An aundio-visual performative meditation, deep listening, traveling and shifting bodily materiality through 3 states/realms: -inner-, -near- and -outer-. The ‘Sub’ is a realm of the subsurface world in a womb-like state, something unrevealed but connected to the foundational rhythm of life. The ‘Sur’ is a realm that is revealed, something that has appeared as a sur-real world. A sense of close touch and nostalgia, bridging consciousness with collective empathy. Aimed to allow the unconscious mind to express itself, often resulting in the depiction of illogical or dreamlike scenes and ideas. Previously contradictory conditions of dream and reality resolve into an absolute reality, a super-reality, or surreality. The ‘Face’ is a realm beyond, which we are facing, outside the space, an imaginative extended world. Another point of transition from inside to outside, from unrevealed to revealed. When you can sense the very end of the skin, level of energy and vibrations. The eternal without shell that enters the light.

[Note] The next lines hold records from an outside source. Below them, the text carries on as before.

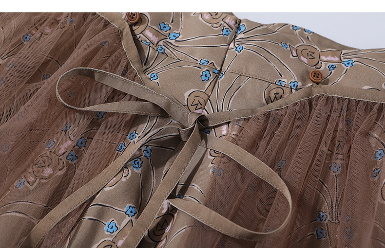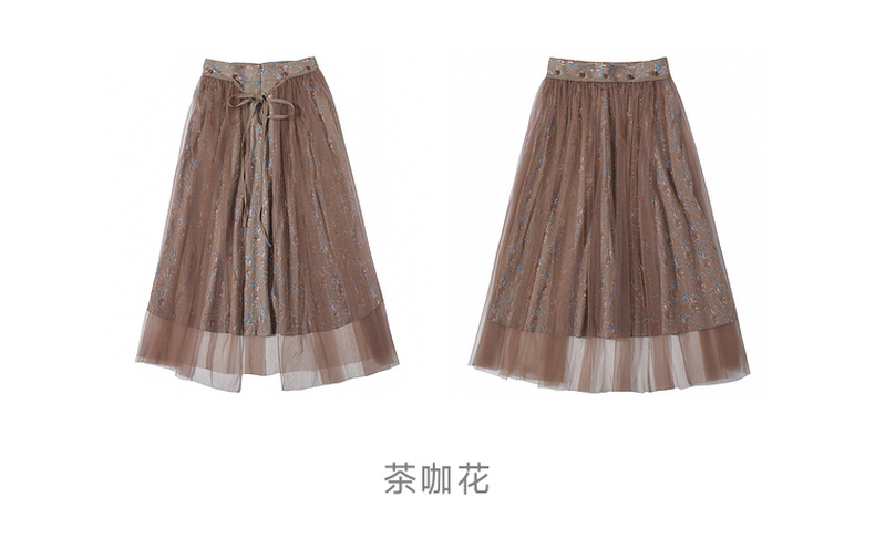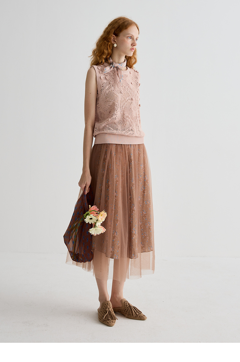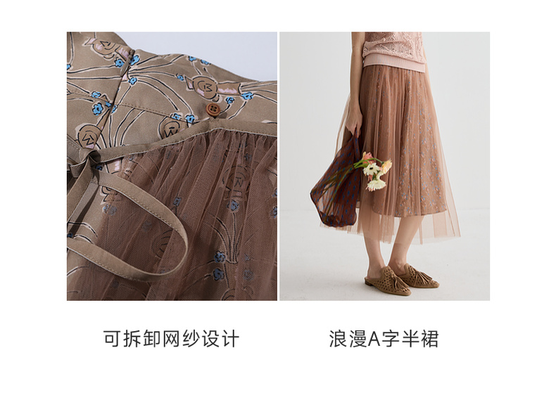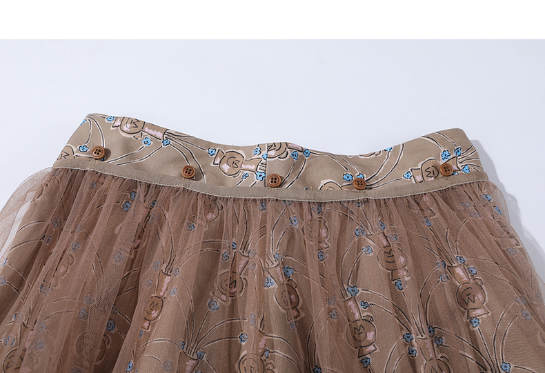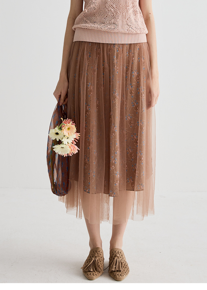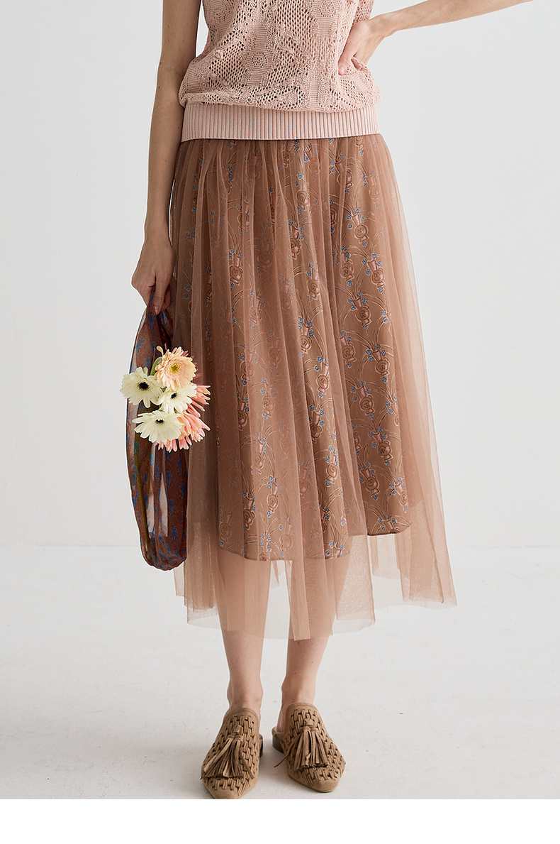 谜底半身裙女2025夏季新品度假网纱印花宽松A型中长半裙252MB0603
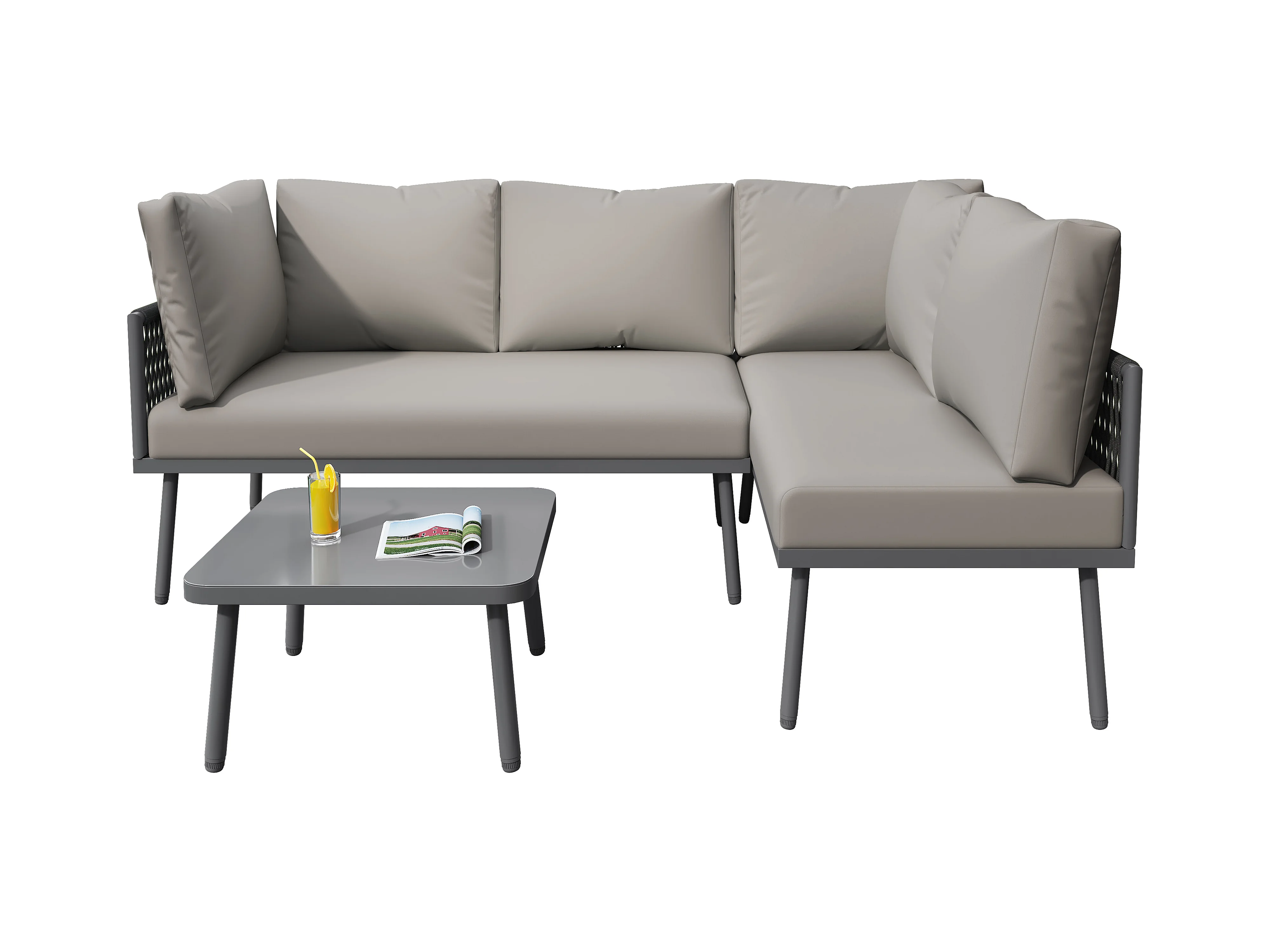 Ensemble de jardin gris comprend 2 canapés, une table, 2 coussins d'assise et 6 coussins
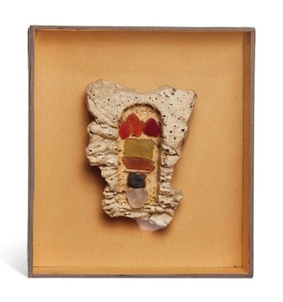 assemblage de liège, verres colorés et technique mixte monté dan | |
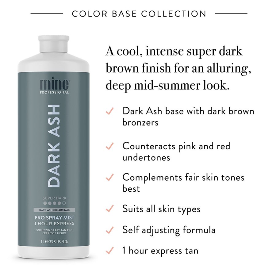 Dark Ash Pro Spray Mist 1L suits all skin types and tones for those wanting a cool, intense super dark brown skin finish. Look like you've just returned from Rio. Dark Ash gives you a cool, intense super dark brown finish.
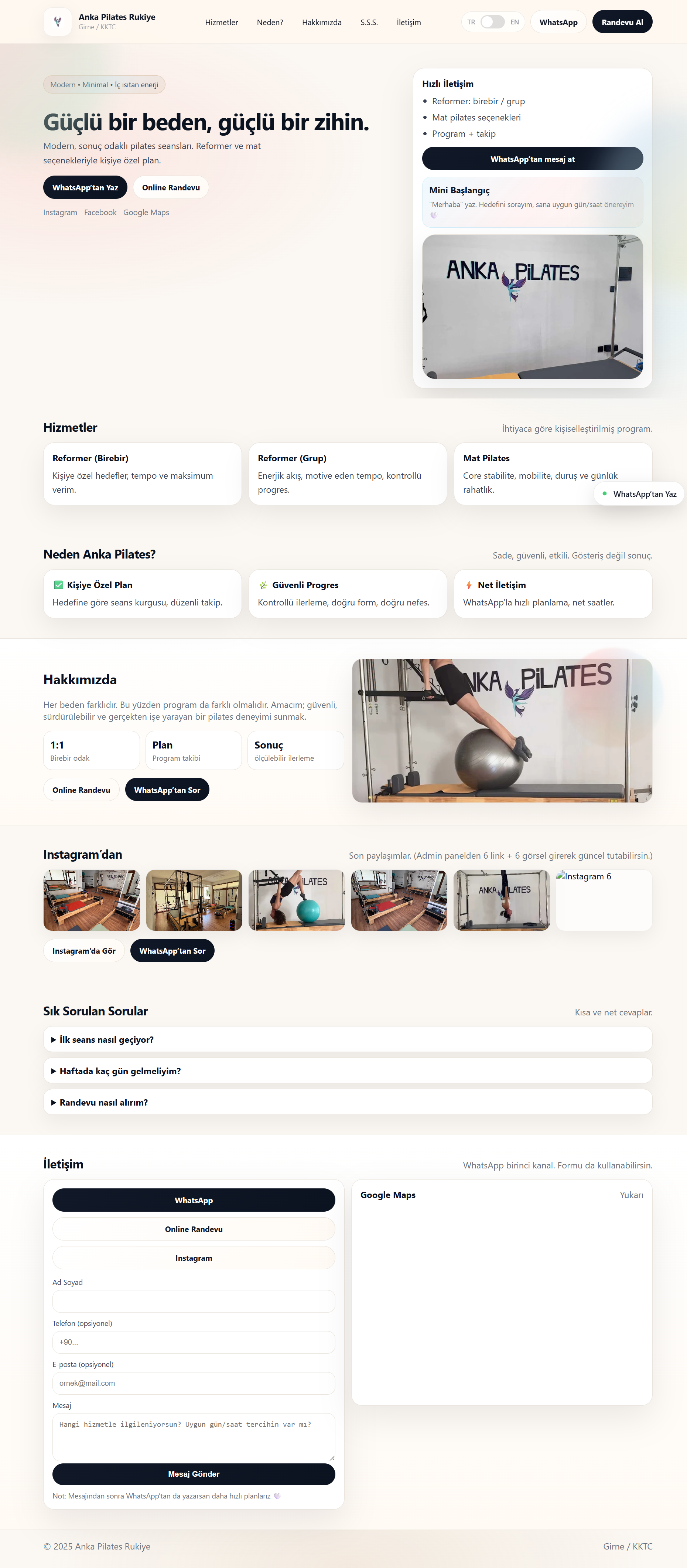 Hizmet sayfaları, ekip profili, blog, iletişim formları.

The project was developed within the Time Based mentorship program under the guidance of Julia Santoli in Kyiv.
Music for this performance collages mystic electronic drones, dreamy vocal tones, sensual double bass and piano sounds, subtle minimal electronic microsound, clicks and cuts movement of the time and ambient field recordings of nature and everyday life that evoke imaginary space to focus on how we hear, what we hear and how we feel about it. Compositional concepts use the principles of active listening, imaginative thinking, cluster sounding, moving from chaos to structure.
In the visual art installation/scenography through 3D scanning, anatomical form dissolves into fluid, porous digital textures. In preparing these visuals, people had to freeze to be scanned. It was a moment of awareness of the body as it is. This visual is like an archive. In a sensorial way documenting nudity.
This project extends into an accompanying zine — a collection of conversations held during the photogrammetry of bodies. The texts form a collective sensory archive — fragments of experiences, affects, and self-observations.